Niners can start thinking about second season

The 49ers hit midseason this week against the Washington Redskins, but this is a team that already can start looking toward the NFL's second season. Coach Jim Harbaugh said this week that December will be "a time line" for when the Niners start contemplating the bigger picture of their season, but in reality they can do that right now, even though the calendar has just flipped to November.

While the Niners were cruising past the overmatched Cleveland Browns last week, San Francisco's two closest pursuers in the NFC West lost yet again.

The Seattle Seahawks were dumped by three touchdowns at home by a Cincinnati team that hasn't lost since the 49ers beat the Bengals in Cincinnati way back on Sept. 25. The Arizona Cardinals blew a 24-3 lead in Baltimore and lost to Harbaugh's brother John's team for the Cards' sixth consecutive defeat.

Heck, the 49ers even won when the St. Louis Rams – the NFC West preseason favorite of many – surprisingly recorded their first victory of the year, because the Rams did it with an upset of the New Orleans Saints.

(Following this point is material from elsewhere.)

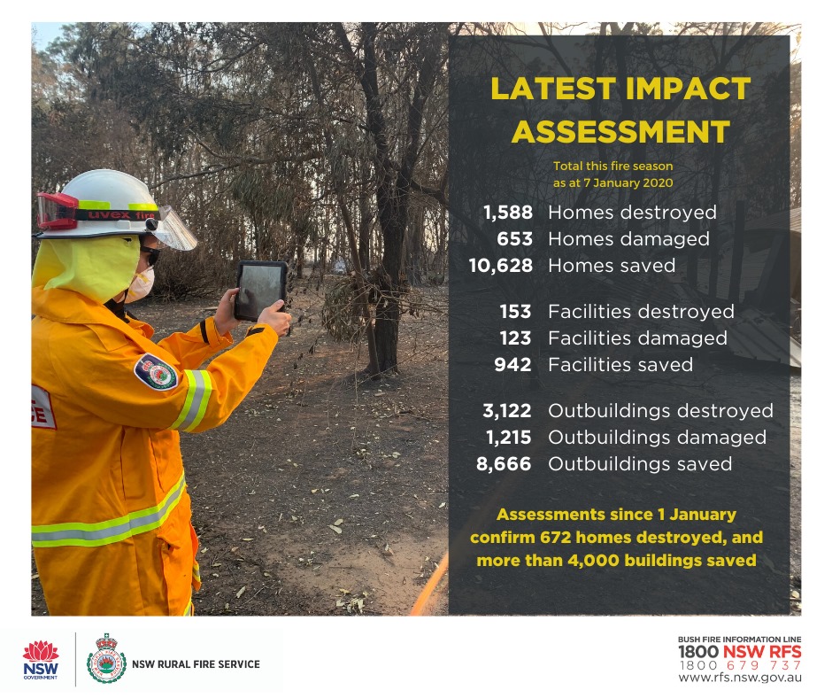 วันที่ 7 มกราคม New South Wales Rural Fire Service (RSF) หน่วยงานที่มีหน้าที่ดับไฟป่า ประเมินผลกระทบที่เกิดจากวิกฤติไฟป่ารุนแรงที่สุดในประวัติศาสตร์ โดย RSF รายงานว่า มีอาคารบ้านเรือนได้เสียหาย และได้รับผลกระทบจากไฟป่า แบ่งเป็น บ้าน 1,558 หลังถูกไฟป่าเผาทำลายเสียหาย และกว่า 20,000 หลังรอดจากไฟป่า

That gave the NFC South-leading Saints their third loss of the season.

And that matters, folks, because it's already time to start talking big picture here. And the Saints – Super Bowl winners two seasons ago – are likely candidates to be part of the big picture come January.

The 49ers certainly will be. At 6-1 and rolling into November with a five-game winning streak, first-place San Francisco already has a four-game cushion in the NFC West over second-place Seattle. The Niners already have five wins outside the division. The other three NFC West teams each have one such victory.

The 49ers not only can have the division clinched by Thanksgiving, they can mathematically have it wrapped up four days before then, when they get back into their division for the first time since their season opener with a Nov. 20 home game against Arizona.

The 49ers would have to win that game and their two before it to clinch on that day – and that's entirely possible, because the 49ers have reached the point where they can realistically beat anybody on their schedule, particularly their remaining schedule.

What's more unlikely is that every other NFC West team will lose every game up to that point except Arizona (when it hosts St. Louis this weekend) and St. Louis (when it hosts Seattle on Nov. 20).

But let's say that the Niners, by the time they get on the field for Harbaugh Bowl I on Thanksgiving Day in Baltimore, will be reasonably close to clinching their first NFC West title since 2002.

And let's go further to say that – with nine days off after that Thanksgiving game before the Niners return to action at home Dec. 4 against St. Louis – the clinching celebration will come sometime by early December.

It is going to happen. No team since NFL realignment in 2002 has ever blown a division lead of 3.5 games or more after Week 7, and the 49ers aren't going to be the first. They will run away with the NFC West like few 49ers teams have ever run away with a division title. The way this season is going, they could win this lousy division by seven or eight games.

That's a foregone conclusion. And it's something to be excited about.

But for the 49ers to actually do something come January, they must already start getting their mindset past being the team that ends a long and inglorious stretch of eight consecutive San Francisco seasons without a winning record or playoff berth.

When asked this week at what point he embraces what's possible for his team down the road, Harbaugh suggested to some extent that he already is of that mindset.

"We'll get to December and see how many wins we have, see how many we need as it relates to the season," Harbaugh said. "We're always living in the future in some regard, in terms of planning and making that December as good as it can be. Making this Sunday as good as it can possibly be. There's always a degree of that."

And then, Harbaugh revealed that, well, of course the 49ers have looked around and can see where they now stand in the NFL's big picture.

Heck, they have the second-best record in the entire league. They'd be the No. 2 seed in the NFC if the playoffs began today. The way their schedule stacks up the rest of the way compared to the unbeaten Green Bay Packers – who finish the season with eight games against teams that have winning records today – it's not inconceivable the 49ers could have a shot at the NFC's No. 1 seed.

The Niners, after such a long stretch of wallowing in NFL ignominy, certainly don't want to get ahead of themselves. But it's not a bad idea to start considering what's ahead, making it part of the thought process, and to start gradually preparing for it.

"Just generally, it's just a philosophy of life, of how we approach things as a team," Harbaugh said. "There's the one philosophy that's, ‘Yesterday's a mystery, tomorrow is a mystery, we live for the present, it's a gift' – that kind of thing. That's not us. We reject that. We live for the future to make tomorrow better, to make this Sunday better. Everything that we can do today, so we can have a better future."

The 49ers have done plenty already this season to have a future in this year's postseason derby. It's only midseason, but what the Niners have done so far makes it not too soon to envision the possibilities of what lies ahead.